Cleveland Browns wide receiver Andrew Hawkins set the both the sports and political worlds abuzz Sunday when he came out onto his home field for pre-game warmups wearing a black t-shirt with a simple message: "Justice For Tamir Rice and John Crawford III." It was a statement that resonated with countless people, while upsetting some predictable folks — Jeff Follmer, the head of the Cleveland Police Patrolmen's Association, called the gesture "pathetic" and demanded an apology. Now, Andrew Hawkins has the perfect response to his critics, which he offered to Cleveland.com via a video Tuesday.
Suffice to say, maybe the most appropriate and telling rebuttal to Follmer's highly condescending words about Hawkins — he said "It’s pretty pathetic when athletes think they know the law," and "They should stick to what they know best on the field" — is just how cogent and incisive Hawkins' reply proved to be. Clearly, Follmer thought he could get away with casually denigrating athletes with activist instincts as chronically uninformed meatheads, but Hawkins laid that fallacy bare in his eloquent explanation. Fortunately, the whole thing is on video, so we get to see it — in particular, Hawkins' words about his two-year-old son Austin are extremely moving.
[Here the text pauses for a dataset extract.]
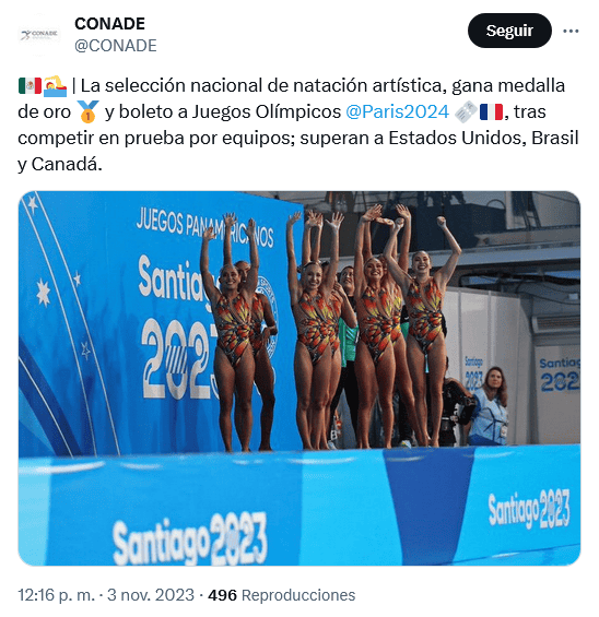 Este viernes 3 de noviembre, la selección mexicana de natación artística realizó la hazaña y ganaron la medalla de oro de los Juegos Panamericanos de Santiago 203 y el boleto para los Juegos Olímpicos de París 2024 al superar en puntos a los favoritos Canadá, Brasil y Estados Unidos.El grupo mexicano obtuvo en la rutina libre un total de 235.7875 unidades, mientras que en la técnica alcanzaron 250.2333.México no asistía como equipo a unos Juegos Olímpicos desde Atlanta 1996, hace 27 años.*Mantente al día con las noticias, únete a nuestro canal de WhatsApp OF

I was taught that justice is a right that every American should have. Also justice should be the goal of every American. I think that’s what makes this country. To me, justice means the innocent should be found innocent. It means that those who do wrong should get their due punishment. Ultimately, it means fair treatment. So a call for justice shouldn’t offend or disrespect anybody. A call for justice shouldn’t warrant an apology.
For some vital background, both John Crawford III and Tamir Rice (the latter just a 12-year-old boy) were fatally shot by police in Ohio after having 911 calls placed on them because they were carrying airsoft pellet guns. In both cases, police arrived on the scene, and no more than two or three seconds elapsed before they opened fire — in Crawford's case in the aisle of a Walmart where he'd picked up the unpackaged pellet gun off a shelf, and in Rice's case, in a public park in Cleveland.
To clarify, I utterly respect and appreciate every police officer that protects and serves all of us with honesty, integrity and the right way. And I don’t think those kind of officers should be offended by what I did. My mom taught me my entire life to respect law enforcement. I have family, close friends that are incredible police officers and I tell them all the time how they are much braver than me for it. So my wearing a T-shirt wasn’t a stance against every police officer or every police department. My wearing the T-shirt was a stance against wrong individuals doing the wrong thing for the wrong reasons to innocent people.
Unfortunately, my mom also taught me just as there are good police officers, there are some not-so-good police officers that would assume the worst of me without knowing anything about me for reasons I can’t control. She taught me to be careful and be on the lookout for those not-so-good police officers because they could potentially do me harm and most times without consequences. Those are the police officers that should be offended.
Appearing on MSNBC's All-In Monday night, Follmer gave his own accounting of the Rice shooting — he insisted that the police's actions were "justified," on the grounds that Rice apparently posed a "lethal threat" to the two officers, Timothy Loehmann and Frank Gramback. Follmer specifically referred to the surveillance footage of the shooting as exonerating, but countless observers have viewed it as anything but.
It's unknown why, for example, the officers pulled up within feet of Rice, rather than parking further away, taking cover and issuing an order to drop the fake gun. The video also displays overt misstatements in the initial police account of the shooting, as the CPD claimed that Rice was with others when he was actually alone, and that officers Loehmann and Gramback told him to drop the pellet gun three times before opening fire — difficult to believe, given that Rice was shot within two seconds.
Hawkins made it clear that in spite of the concern over his career and reputation, the fear he felt for his own son weighed into his decision to take a stand.
I understood there was going to be backlash, and that scared me, honestly. But deep down I felt like it was the right thing to do. If I was to run away from what I felt in my soul was the right thing to do, that would make me a coward, and I can’t live with that. God wouldn’t be able to put me where I am today, as far as I’ve come in life, if I was a coward. As you well know, and it’s well documented, I have a 2-year-old little boy. The same 2-year-old little boy that everyone said was cute when I jokingly threw him out of the house earlier this year. That little boy is my entire world. And the No. 1 reason for me wearing the T-shirt was the thought of what happened to Tamir Rice happening to my little Austin scares the living hell out of me. And my heart was broken for the parents of Tamir and John Crawford knowing they had to live that nightmare of a reality.
Hawkins concluded his remarks with a plea that anyone who feel strongly about injustice in America should speak out about it.
... I made the conscious decision to wear the T-shirt. I felt like my heart was in the right place. I’m at peace with it and those that disagree with me, this is America, everyone has the right to their first amendment rights. Those who support me, I appreciate your support. But at the same time, support the causes and the people and the injustices that you feel strongly about. Stand up for them. Speak up for them. No matter what it is because that’s what America’s about and that’s what this country was founded on.